* **Required work**
Would you return the lines that run from the start of the data below to the line with "宮崎空港名物のひき肉がたっぷ", both included, exactly as written and without pictures?

* **Data for this task**
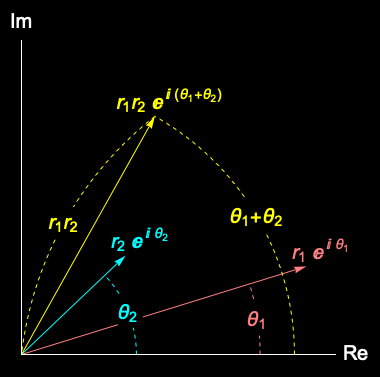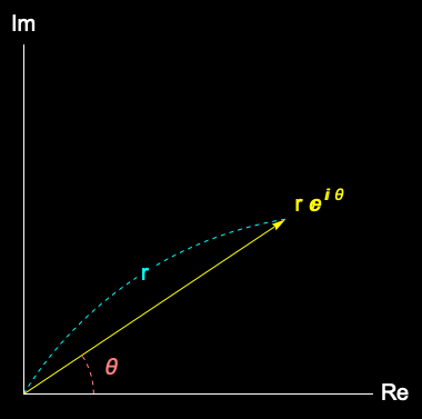 極形式表示はオイラーの公式 \(r e^{i \theta} = r (\cos\theta + i \sin\theta)\) により簡単に表せる。
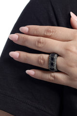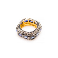 Square cut sapphires wrap around soft square ring with diamond accents.
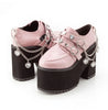 Chaussures à plateforme roses avec chaînes et clous style punk rock
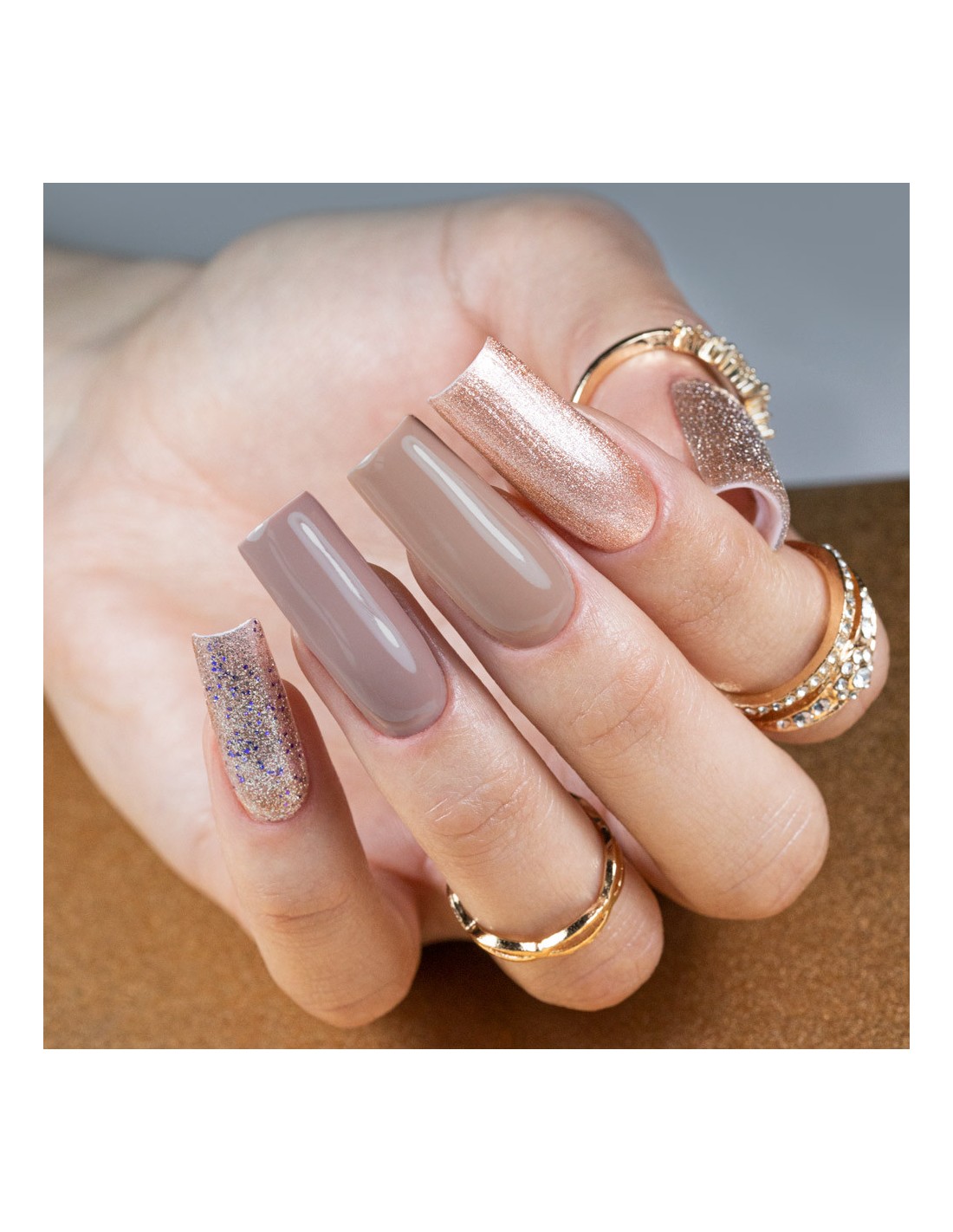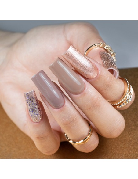 564. En nydelig, forførende farge for enhver anledning – finnes det noe vakrere enn den gylne fargen til en hybridlakk? Selvfølgelig, gull med sølvstøv.
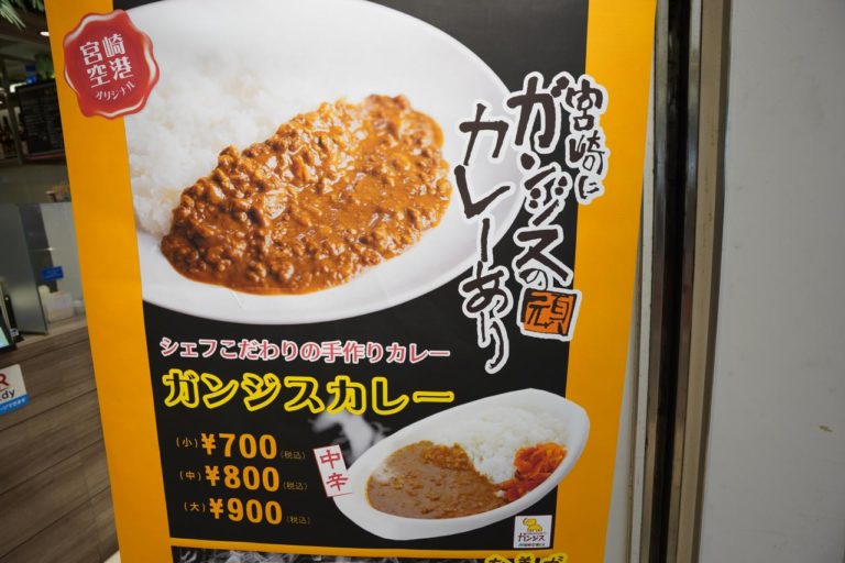 宮崎空港名物のひき肉がたっぷり入ったガンジスカレー。以前来た時には食べられなかったので、今回満を持していただきます。サイズは小中大の3種類で、お値段もリーズナブル。
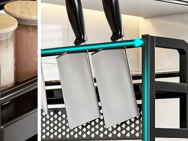 Puoi scegliere la dimensione che meglio si adatta al tuo spazio e alle tue esigenze specifiche. FACILE DA INSTALLARE: Istruzioni dettagliate su come installare l'organizer e tutti gli strumenti necessari sono inclusi nella confezione. Portaspezie Girevole Organizzatore Per Armadietti - Portaspezie A 2 Livelli, Scaffale A Parete Da Cucina Estraibile Salvaspazio, Regolabile A 4 Velocità Con Supporto Di Carico (Color : Black(W11 XH21), Size : W24 Portapiatti Da Interno Mobile Compralo con Questo articolo: Portaspezie da Cucina . Organizzatore di Spezie a 2 Livelli. Scaffalature Salvaspazio per Cucina e Dispensa. Portacondimenti per Barattoli. Ripiani Portaoggetti da Cucina en Acciaio. 39x40cm 3598€ Disponibilità Puoi stare certo che il tuo organizer rimarrà al suo posto, anche con l'uso quotidiano. Come si installa questo organizer e sono necessari strumenti speciali? L'installazione del nostro organizer è semplice e veloce e non sono necessari strumenti speciali. GANCI INTEGRATI: I ganci integrati sullo scaffale sono ideali per appendere spatole, tavolozze e altri utensili da cucina, tenendoli a portata di mano e risparmiando spazio nei cassetti. Questo organizer da cucina è adatto per una piccola cucina con spazio limitato? Sì, è disponibile in varie dimensioni per adattarsi a diversi spazi. All'interno della confezione forniamo una serie completa di istruzioni dettagliate che ti guideranno passo dopo passo attraverso il processo. BASI STABILI: Isupporti della base sono realizzati in plastica ABS, garantendo ogni giorno una solida stabilità e una presa sicura sul bancone della cucina. GANCI INTEGRATI I ganci integrati sullo scaffale sono ideali per appendere spatole, palette e altri utensili da cucina, tenendoli a portata di mano e risparmiando spazio nei cassetti. Offriamo opzioni compatte ideali per le piccole cucine. RESISTENTE È costruito in acciaio al carbonio, una scelta di materiale che garantisce resistenza incrollabile e durata eccezionale. VARIETÀ DI TAGLIE Sono disponibili diverse opzioni di dimensioni per soddisfare le tue esigenze specifiche.
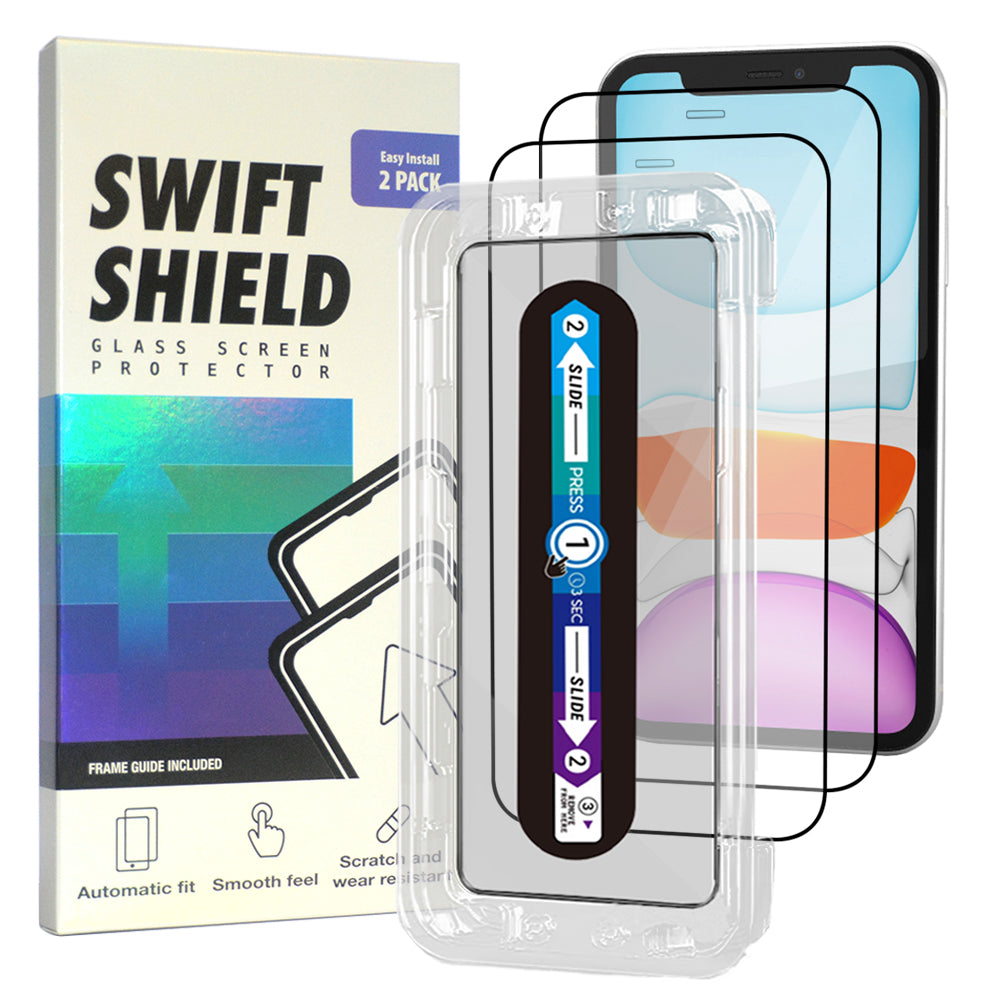 SwiftShield Clear Premium Tempered Glass Screen Protector Alignment Kit for iPhone 11 [2-Pack] Protect your precious device with a layer of tempered glass (goodbye to scratches and cracks!). The SwiftShield Clear Premium Tempered Glass Screen Protector Alignment Kit ensures precise installation for your iPhone 11, so you can have peace of mind and a crystal-clear view at all times.
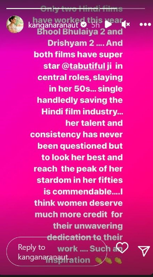 रविवार को कंगना रनोट ने इंस्टाग्राम पर एक पोस्ट शेयर किया है। इसमें उन्होंने लिखा है कि तब्बू बॉलीवुड की उन दो फिल्मों में है, जो दोनों ही फिल्में इस वर्ष सफल रही है। कंगना रनोट ने यह भी कहा कि तब्बू स्टारडम के पीक पर अपने उम्र के 50 वर्ष पूरे करने के बाद पहुंची हैं। गौरतलब है कि तब्बू की उम्र 52 वर्ष है। कंगना रनोट ने यह भी कहा कि तब्बू इस समय बहुत अच्छा कर रही है। वह कहती हैं, 'इस वर्ष 2 फिल्मों ने बहुत अच्छा किया है। पहली है भूल भुलैया 2 और दूसरी है दृश्यम 2। दोनों ही फिल्मों में तब्बू की अहम भूमिका है, जो 50 की उम्र पार करने के बाद भी बहुत अच्छा काम कर रही हैं। उनकी टैलेंट और कंसिस्टेंसी का कोई जवाब नहीं। वह अपने बेस्ट और करियर की स्टारडम की पीक पर पहुंची है।'
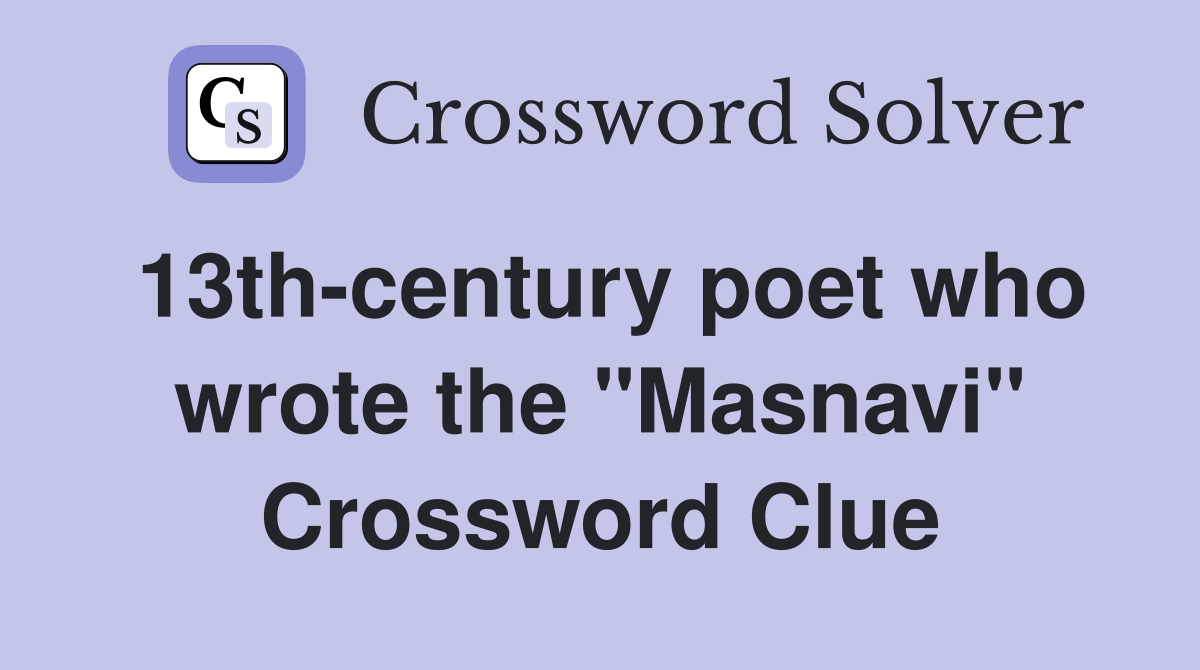 13th century poet who wrote the quot Masnavi quot Crossword Clue Answers
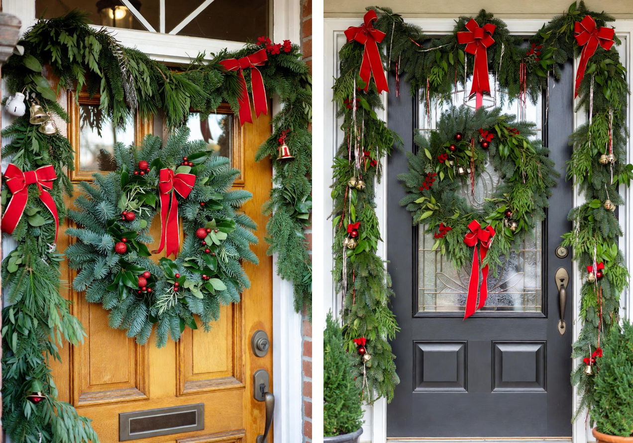 Повесьте на входную дверь красивый рождественский венок. Его можно сделать своими руками или же купить готовый. Также можно сделать хвойное обрамление всего дверного проема в доме. Для этого можно использовать, как живую, так и искусственную хвою. А завершить композицию можно красными лентами, бантами, колокольчиками или "дождиком".

* **Task answer**
 極形式表示はオイラーの公式 \(r e^{i \theta} = r (\cos\theta + i \sin\theta)\) により簡単に表せる。
 Square cut sapphires wrap around soft square ring with diamond accents.
 Chaussures à plateforme roses avec chaînes et clous style punk rock
 564. En nydelig, forførende farge for enhver anledning – finnes det noe vakrere enn den gylne fargen til en hybridlakk? Selvfølgelig, gull med sølvstøv.
 宮崎空港名物のひき肉がたっぷり入ったガンジスカレー。以前来た時には食べられなかったので、今回満を持していただきます。サイズは小中大の3種類で、お値段もリーズナブル。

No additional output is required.